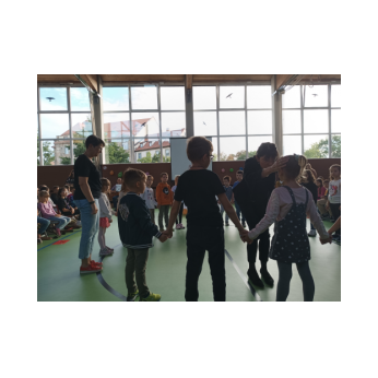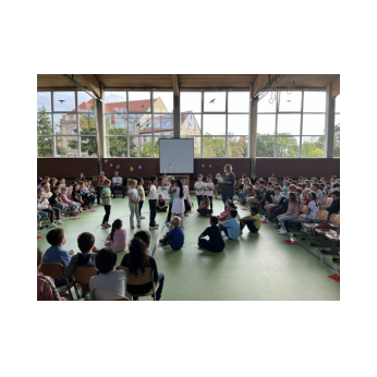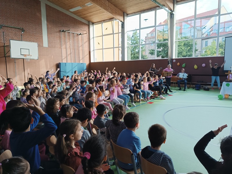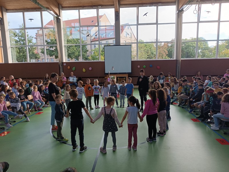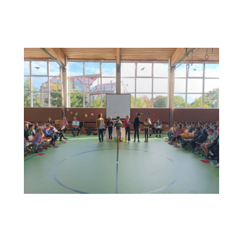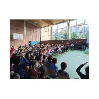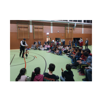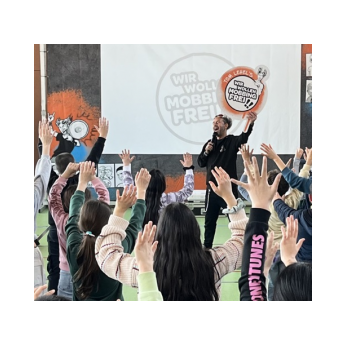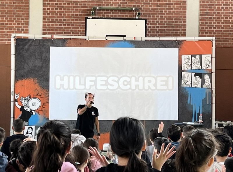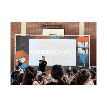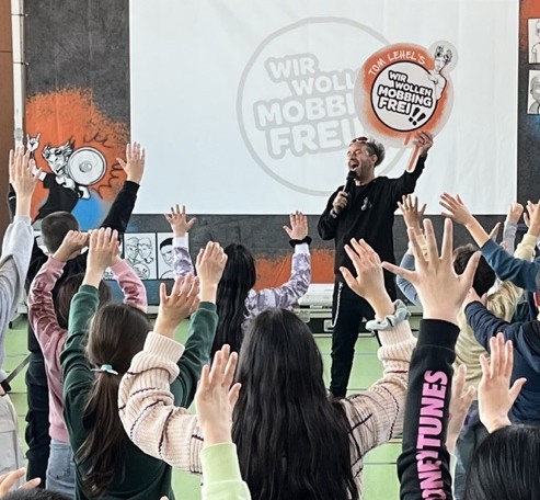 KIKA-Star Tom Lehel macht sich seit Jahren stark für eine Gesellschaft, die kein Mobbing akzeptiert. So klärte er den Dritt- und Viertklässlern über die Folgen von Mobbin und Cybermobbing auf und gab ihnen Werkzeuge zur Stärkung gegen Mobbing an die Hand. Tom Lehel möchte mit seinem Anti-Mobbing-Präventionsprogramm Mut machen. Mut, immer hin- und niemals wegzuschauen, zusammenzuhalten und sich gegenseitig mit Respekt zu begegnen. Denn Respekt und Verständnis sind der Klebstoff der Schulfamilie. "Verständnis füreinander aufzubringen ist das Wichtigste, wenn 40 Nationen zusammen an einer Schule lernen", fasst Schulleiterin Sabrina Neckov zusammen. "Wir feiern Feste zusammen, Feste wie Weihnachten, aber auch Iftar heute Abend."
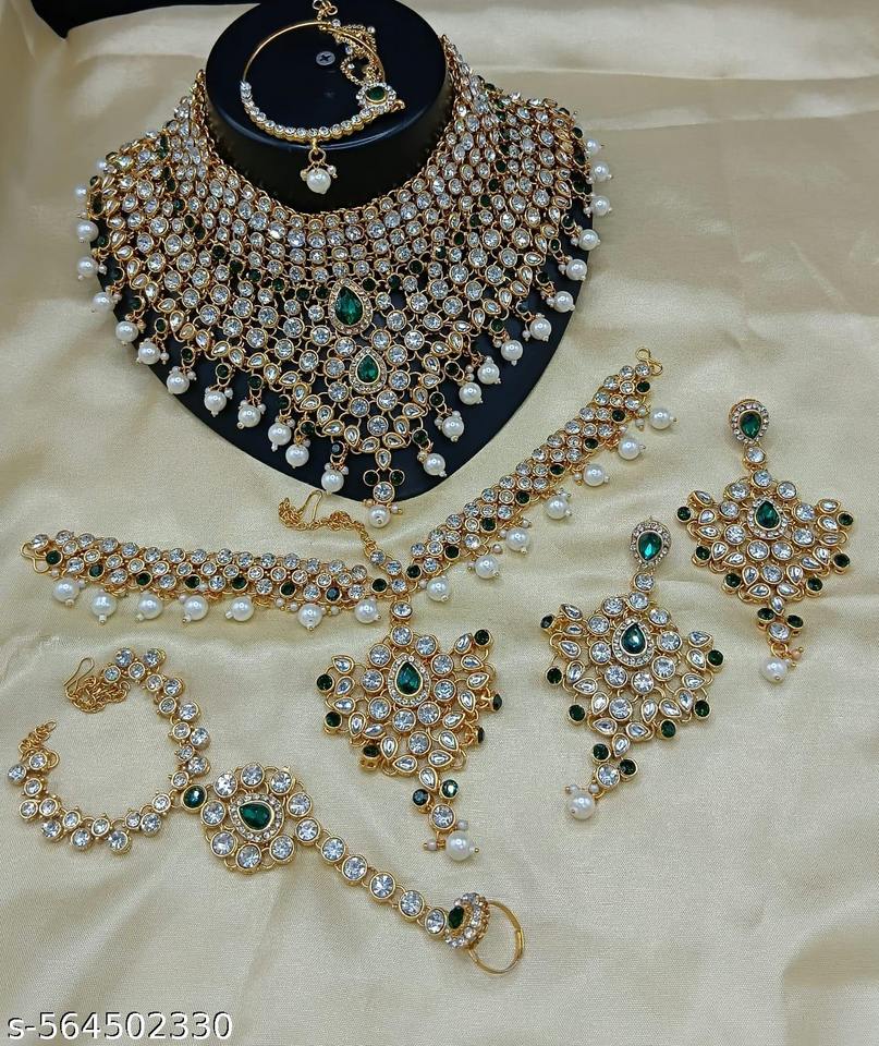 ชุดเครื่องประดับเจ้าสาวแบบอีธนิค คันดัน มุก โรยไวท์ อัลลอยด์ ชุบทองหนา พรีเมียม งานแฮนด์เมด รับรองโดย NGGC สำหรับงานหมั้นและงานแต่งงาน
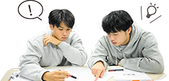 ニッケンは最大30人1クラスの担任制。クラスに分かれて、まずは通常授業で内容を理解します。授業内ではインプットだけでなく、グループやペアになって教え合う時間を設けることも。アウトプットをすることで内容も整理され、記憶も定着しやすくなります。全員が同じ目標を持っているからこそ、男女問わずクラス全体の仲が良いのも特徴です。
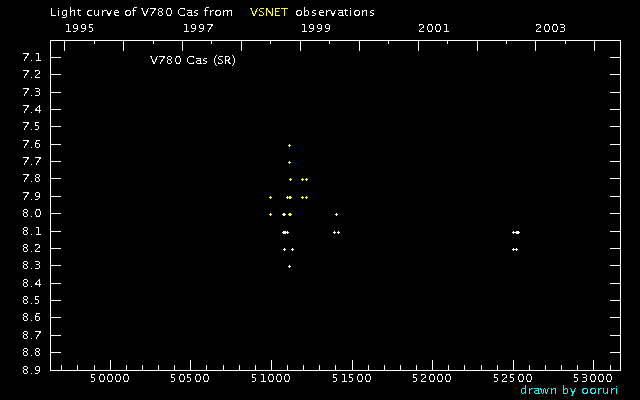 Light Curve of V780 Cas (V780 Cassiopeiae) from VSNET reports

YOUR OBJECTIVE: Leave out the pictures. Transcribe the rest of the listing above exactly.

SOLUTION:
 KIKA-Star Tom Lehel macht sich seit Jahren stark für eine Gesellschaft, die kein Mobbing akzeptiert. So klärte er den Dritt- und Viertklässlern über die Folgen von Mobbin und Cybermobbing auf und gab ihnen Werkzeuge zur Stärkung gegen Mobbing an die Hand. Tom Lehel möchte mit seinem Anti-Mobbing-Präventionsprogramm Mut machen. Mut, immer hin- und niemals wegzuschauen, zusammenzuhalten und sich gegenseitig mit Respekt zu begegnen. Denn Respekt und Verständnis sind der Klebstoff der Schulfamilie. "Verständnis füreinander aufzubringen ist das Wichtigste, wenn 40 Nationen zusammen an einer Schule lernen", fasst Schulleiterin Sabrina Neckov zusammen. "Wir feiern Feste zusammen, Feste wie Weihnachten, aber auch Iftar heute Abend."
 ชุดเครื่องประดับเจ้าสาวแบบอีธนิค คันดัน มุก โรยไวท์ อัลลอยด์ ชุบทองหนา พรีเมียม งานแฮนด์เมด รับรองโดย NGGC สำหรับงานหมั้นและงานแต่งงาน
 ニッケンは最大30人1クラスの担任制。クラスに分かれて、まずは通常授業で内容を理解します。授業内ではインプットだけでなく、グループやペアになって教え合う時間を設けることも。アウトプットをすることで内容も整理され、記憶も定着しやすくなります。全員が同じ目標を持っているからこそ、男女問わずクラス全体の仲が良いのも特徴です。
 Light Curve of V780 Cas (V780 Cassiopeiae) from VSNET reports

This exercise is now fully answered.